C'était une planète récemment découverte qui bénéficiait d'un climat idyllique. Néanmoins, l'absence de ressources naturelles avait fait renoncer à l'installation d'une colonie de peuplement. Un groupe financier à but philanthropique l'avait achetée pour y installer une clinique ultra-moderne et un centre de repos et de remise en forme pour malades et hommes d'affaires très fortunés.

— Si nous abordons Santa, nous serons sauvés, dit Elsa.
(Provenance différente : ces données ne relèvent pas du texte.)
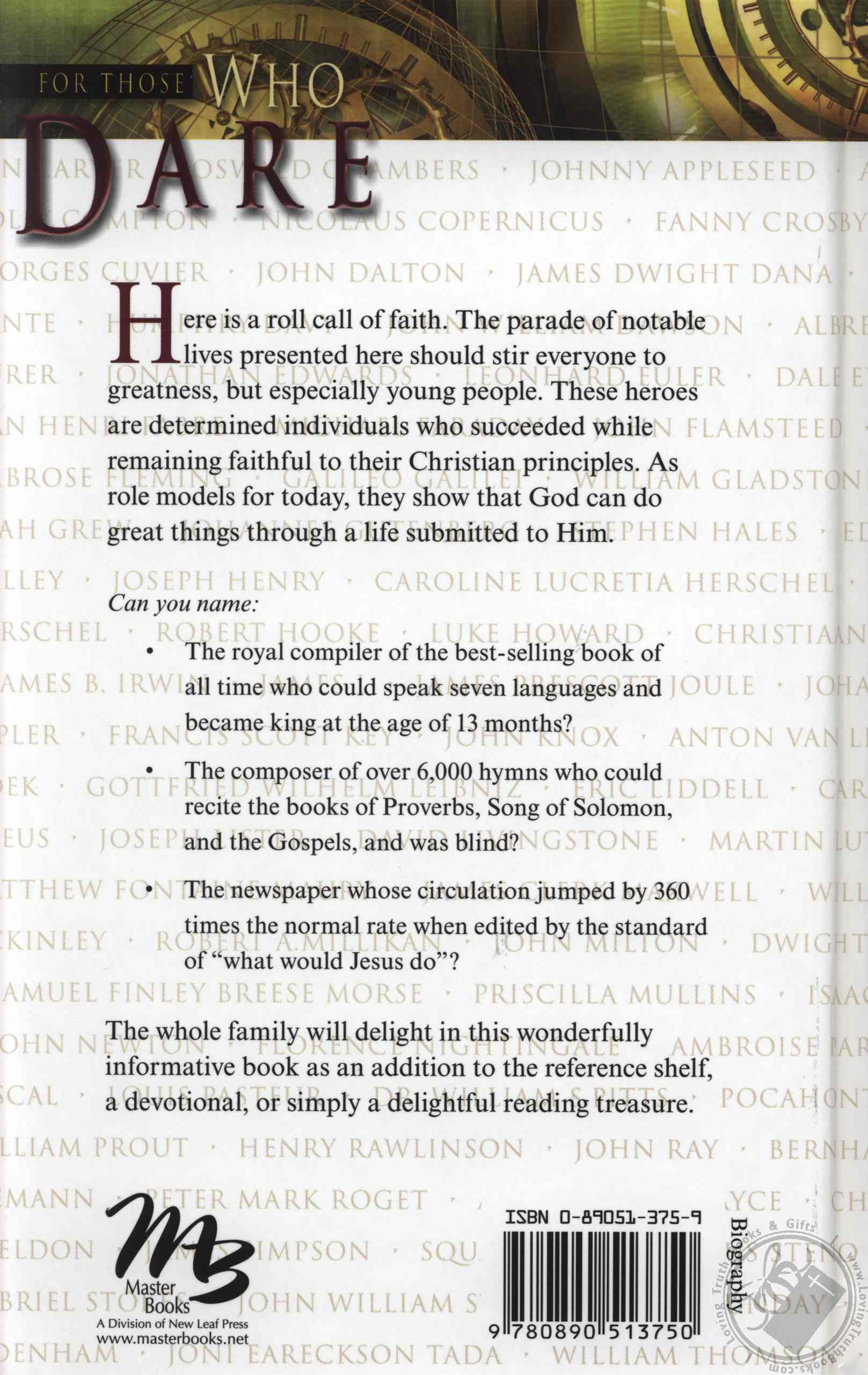 In this work by popular educational author John Tiner, brief biographies of the most successful, influential, and renowned Christians of all time are presented. Inventors, reformers, statesmen, authors, and others from all walks of life are brought here by a common bond: a life wholly dedicated to God. Discover facts that you didn’t know about names you know well. Meet new personalities and learn obscure behind-the-scenes stories about famous inventions and discoveries. This book is a tribute to what God can do with a life given to Him.

Le directeur d'une de mes sociétés fait une cure en ce moment et il nous aidera à regagner la Terre.

— Espérons-le, soupira Marc, mais je doute que nos kidnappeurs n'y aient pas pensé. Il est peu probable qu'après leur exploit, ils nous laissent nous promener librement parmi les richissimes clients qui te connaissent certainement.